STORED DATA.
= Beginning of Section =

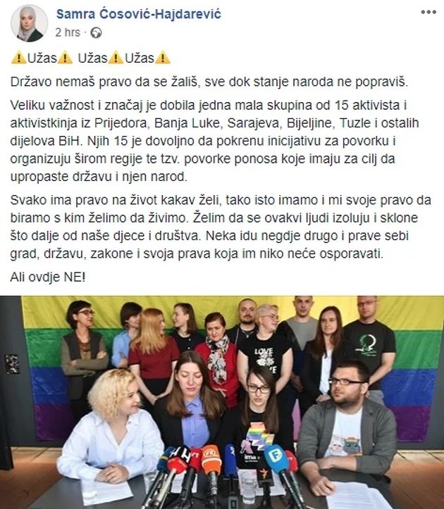 Ovo je očiti primjer govora mržnje sa kojim se svakodnevno imamo priliku susresti. Lavina sličnih komentara je krenula nakon ove objave, ali i onih objava koje su prenosili i određeni mediji.
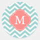 Adesivo Redondo Monograma de Padrão de Casa de Moeda e Coral
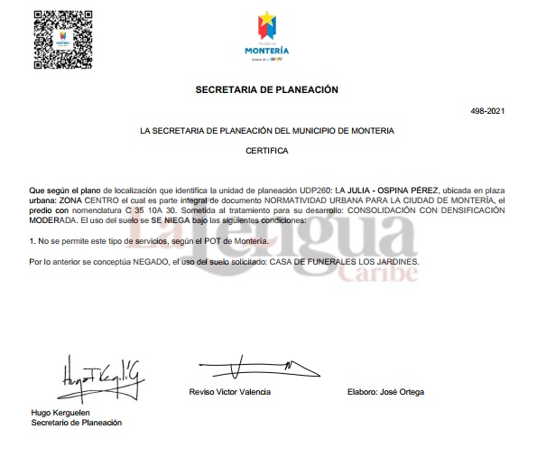 Tras la denuncia de La Lengua Caribe sobre el supuesto funcionamiento de una funeraria en plena zona residencial de Montería, la Secretaría de Planeación, en cabeza de Hugo Kerguelen negó el uso de suelo solicitado.

= End of Section =

EXERCISE AIM.
Keep every word of the lines above unchanged in the copy, and omit the pictures.

SOLUTION TO THIS TASK.
 Ovo je očiti primjer govora mržnje sa kojim se svakodnevno imamo priliku susresti. Lavina sličnih komentara je krenula nakon ove objave, ali i onih objava koje su prenosili i određeni mediji.
 Adesivo Redondo Monograma de Padrão de Casa de Moeda e Coral
 Tras la denuncia de La Lengua Caribe sobre el supuesto funcionamiento de una funeraria en plena zona residencial de Montería, la Secretaría de Planeación, en cabeza de Hugo Kerguelen negó el uso de suelo solicitado.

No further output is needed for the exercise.